The British Retail Consortium (BRC) has called for improved fraud reporting and better policing after reporting an increase in cyber-attacks against its members last year.
The UK’s leading retail trade association claimed in its BRC Retail Crime Survey 2014 that the majority of its members were the victim of “some form of cyber attack” in the reporting period 2013-14.
These attacks “continue to pose a critical threat to businesses,” it said.
Fraud increased by 12% over the period, with 135,814 incidents reported in 2013-14 – the majority of which happened online. Fraud now accounts for 37% of the total cost of crime in the sector, BRC claimed.
The consortium called for a “step change improvement” in fraud reporting and investigation and for “enhanced knowledge, skills and capacity” within individual police forces.
“At present, only a tiny proportion of fraud cases reported to Action Fraud and sent out for investigation by police forces from the National Fraud Intelligence Bureau result in any action being taken,” it argued.
There was also a call for greater intelligence sharing across siloes:
“There is range of work underway across government aimed at preventing and tackling cyber crime, but this is split between various departments and agencies – it needs to be more comprehensive and coordinated.
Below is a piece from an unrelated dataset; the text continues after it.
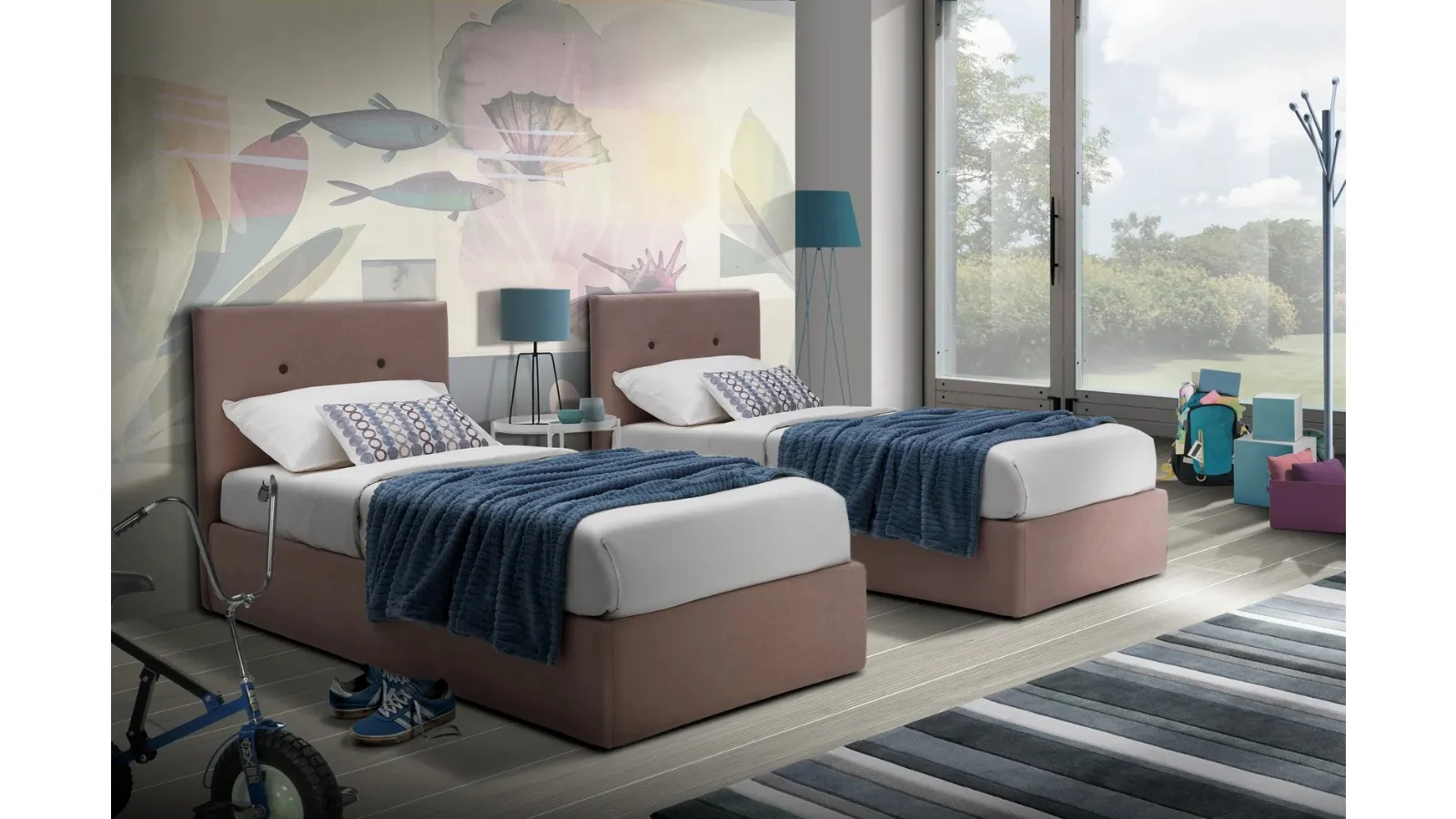 Il Letto singolo in tessuto Ischia di Artigianaletti completa la camera dei più piccoli garantendo il sonno più profondo per i tuoi bambini

The creation of a National Cyber Crime Unit in the National Crime Agency was a welcome development but the retail sector would like to see this Unit share more intelligence about emerging cyber threats.”
There are plans afoot to make fraud reporting easier for businesses and individuals, especially in London.
Head of the Met’s new cybercrime division, Detective Chief Superintendent Jayne Snelgrove, told the Evening Standard last November that four new “volume crime hubs” would be set up in the capital to speed police follow-ups to fraud reports.
Simon Mason, head of security EMEA for Verizon Enterprise Solutions, argued that fraud and cybercrime are still under-reported in the retail industry.
“Many retailers are keen to avoid the negative headlines that come with reporting a data breach, even if it hasn’t directly impacted customer data, and will therefore try to handle the problem internally,” he told Infosecurity.
“Not only that, but many retailers are unaware that they even have a problem – in fact, last year’s Data Breach Investigations Report (DBIR) saw that in 99% of point-of-sale intrusions, someone else told the victim they had suffered a breach.”
He added that retailers needed to develop multi-layered defenses to detect and stop threats at ever entry point – web, network and endpoint.
DDoS, point-of-sale intrusions and web app attacks were all highlighted by the DBIR as major threats to retail businesses, he claimed.